6. The method of claim 5, comprising automatically initiating training of the communications link in response to assertion of the second signal.

7. The method of claim 5, wherein values for N and P are programmable via a control register.

8. The method of claim 7, wherein the values for N and P may be programmed to be different.

9. The method of claim 5, comprising accepting incoming data packets only if the first signal is asserted.

10. A self-training bus interface for use in communicating between a first device containing the bus interface and a second device over a communications link, comprising:

receive logic configured to maintain a history of comparisons of checksums calculated for packets received from the second device and provide a first signal whose assertion is indicative of a first number N of consecutively received packets with good checksums and a second signal whose assertion is indicative of a second number P of consecutively received packets with bad checksums; and

a link state machine configured to place the first device in a link active state if the first signal is asserted and automatically initiate link training if the second signal is asserted.

11. The bus interface of claim 10, wherein the first and second numbers are selectable via programmable control register.

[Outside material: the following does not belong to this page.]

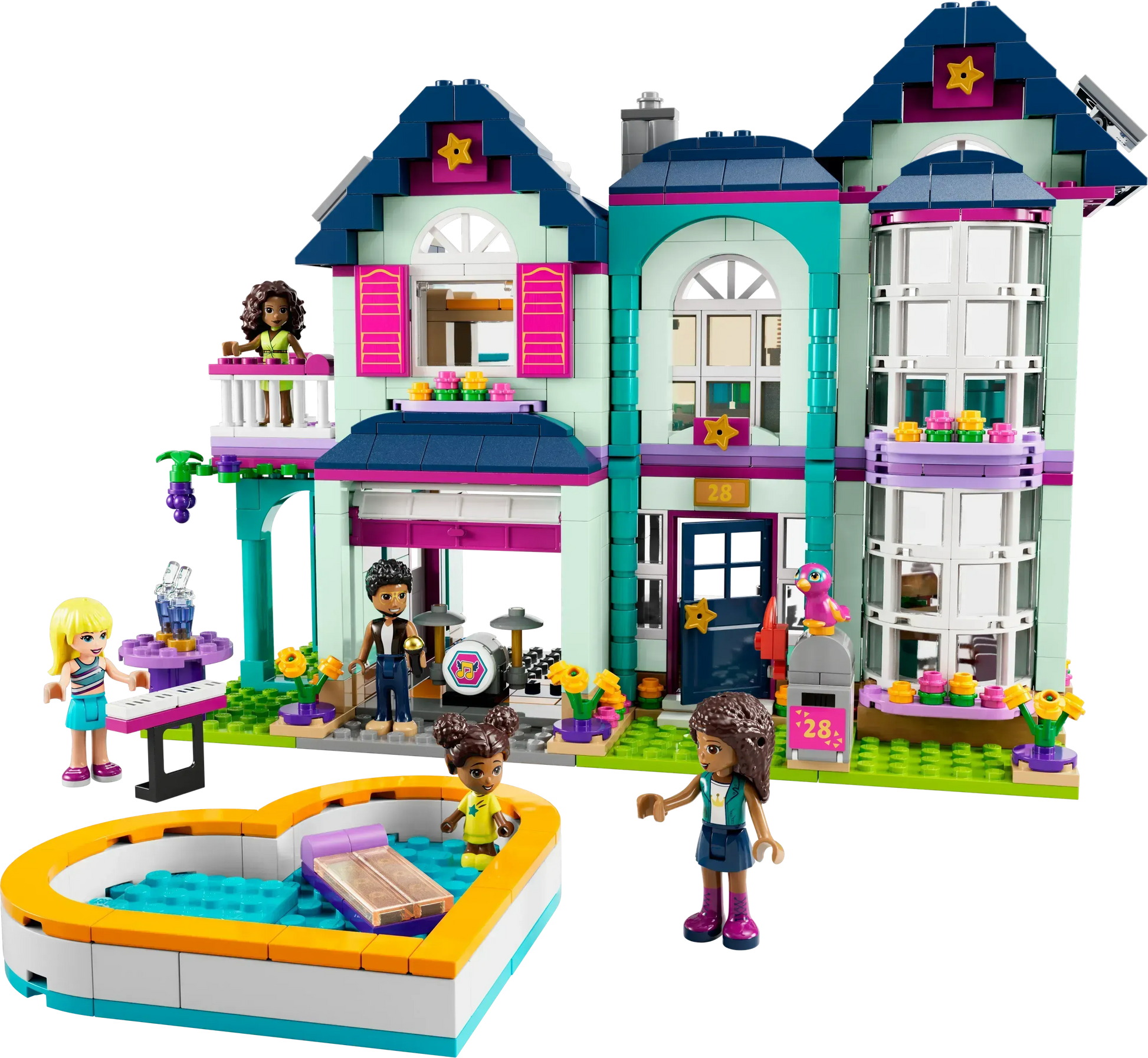De set is inclusief 5 LEGO Friends minipoppetjes, waaronder Andrea's zusje Liz (een micropoppetje dat nieuw is vanaf januari 2021), om het gezinsleven op diverse manieren na te spelen. Laat kinderen kennismaken met Heartlake City, waar ze vrienden zullen vinden die net zo zijn alszij!

12. The bus interface of claim 10, wherein the receive logic is configured to maintain the history of checksum comparisons as bit values in a shift register.

13. The bus interface of claim 12, wherein the receive logic comprises logic circuitry configured to generate the first and second signals based on bit values in the shift register.

14. The bus interface of claim 13, wherein the logic circuitry comprises:

a first AND gate to generate the first signal based on N bit values of the shift register; and

a second NOR gate to generate the second signal based on P bit values of the shift register.

15. A system, comprising:

a bus having a plurality of parallel bit lines;

a first processing device;

a second processing device coupled with the first processing device via the bus; and

a self-training bus interface on each of the first and second processing devices, the bus interface in each device configured to automatically initiate transmit link training wherein synchronization packets are transmitted to the other device, based on a history of checksum errors for packets received from the other device.

16. The system of claim 15, wherein the bus interface on each device is configured to record a history of checksum errors for a number of consecutively received incoming packets from the other device.

17. The system of claim 16, wherein the bus interface on each device is configured to record the history of checksum errors as bit values in a shift register.

18. The system of claim 16, wherein logic on the bus interface of at least one of the devices is configured to:

assert a first signal if N consecutive packets are received with good checksums; and

assert a second signal if P consecutive packets are received with bad checksums;

wherein assertion of the first signal allows the acceptance of packets and assertion of the second signal initiates link retraining.

19. The system of claim 18, wherein the values for N and P on at least one of the devices are programmable via a control register.

20. The system of claim 15, wherein the first processing device is a central processing unit (CPU) and the second processing device is a graphics processing unit (GPU).